- Born: Edward Lacy Challenor 10 March 1873 Barbados
- Died: 15 September 1935 (aged 62)

Cricket information
- Batting: Right-handed

Career statistics
| Competition | First-class |
| Matches | 29 |
| Runs scored | 1,106 |
| Batting average | 21.68 |
| 100s/50s | 1/3 |
| Top score | 111 |
| Catches/stumpings | 23/– |
- Source: CricketArchive, 6 December 2022

= Edward Challenor =

British Army officer and cricketer

Brigadier-General Edward Lacy Challenor, (10 March 1873 - 15 September 1935) was a British Army officer and first-class cricketer from Barbados.

He played in England with Leicestershire and in South Africa with Western Province and Natal. His brother George played Test cricket for West Indies.

Challenor joined the British Army where he was commissioned as a second lieutenant in the Leicestershire Regiment on 19 July 1893, and promoted to lieutenant on 1 July 1896. He served with the 1st battalion of his regiment in the Second Boer War in South Africa 1899–1902. Taking part in the first major battle of the war, at Talana Hill in October 1899, he then joined the march from Dundee to Ladysmith, took part in the battle for the city the same month (which the British lost), and was in the city during the following siege. After Ladysmith was relieved in February 1900, the battalion was part of the following advance through Natal to Transvaal, taking part in several battles including Bergendal in August 1900. He then served in various parts of Transvaal during the next year, and was promoted to captain on 26 October 1901.

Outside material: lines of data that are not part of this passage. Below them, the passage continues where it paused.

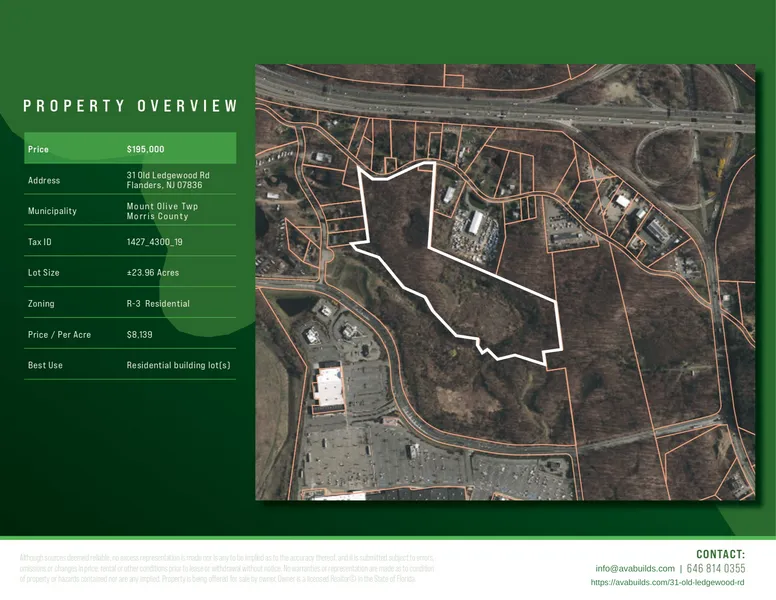 24 acres in Morris County, New Jersey PROPERTY OVERVIEW Price: $195,000 Address: 31 Old Ledgewood Rd Flanders, NJ 07836 Municipality Mount Olive Twp Morris County Tax ID: 1427_4300_19 Lot Size: 23.96 Acres Zoning: R-3 Residential Price / Per Acre: $8,139 Best Use Residential building lot(s) Please TEXT THE OWNER: 646 251-9990
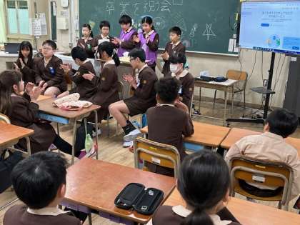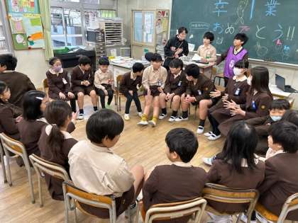 たてわり班で、お世話になった6年生に感謝の気持ちを込めて、贈る言葉を伝えたり、ゲームをしたりしました。
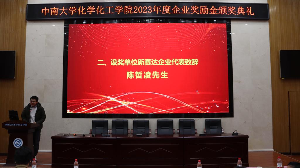 首先,陈哲凌先生致开场辞。他先向大家介绍新赛达的由来,讲述它是由几位85级应用化学专业的学长所建立,同时表示企业重视对优秀学生和困难学生的资助工作,并希望化院学子秉承前辈们的优秀品质,继承前辈们的赤子之心,积极进取的姿态全力报效祖国,担负起新时代赋予的责任和使命。
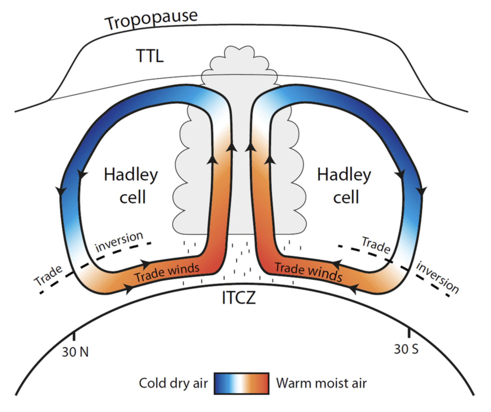 The strictly Cartesian definition of the tropics is not the same as the climatological one (Barry & Chorley, 2010). The poleward edges of the two Hadley Circulations or Cells – roughly between ≈30° N and ≈30° S – are more widely recognised as the average atmospheric boundary between the tropics and extra-tropics either side of the Equator (Figure 1). The Hadley Circulation is a global-scale tropical atmospheric circulation pattern characterised by rising moist air in low latitudes, poleward flow in the upper atmosphere, sinking dry air in the subtropics and equatorward flow at the surface. This thermally driven circulation is a significant component of Earth’s climate system, influencing global weather patterns and – importantly – the distribution of excess heat and moisture from the tropics to the extra-tropics (Barry & Chorley, 2010).

After the end of the war, Challenor joined 540 officers and men of the 1st Leicestershire leaving Port Natal on the SS Ortona in November 1902 for British India, where they were subsequently stationed at Madras.

He later served in the First World War and was awarded the Distinguished Service Order (DSO). He commanded the Leicestershire Regiment from August 1919 to August 1923. He was appointed a Companion of the Order of St Michael and St George in the 1918 New Year Honours. He was appointed a Companion of the Order of the Bath in the 1919 New Year Honours and a Commander of the Order of the British Empire in the 1923 New Year Honours.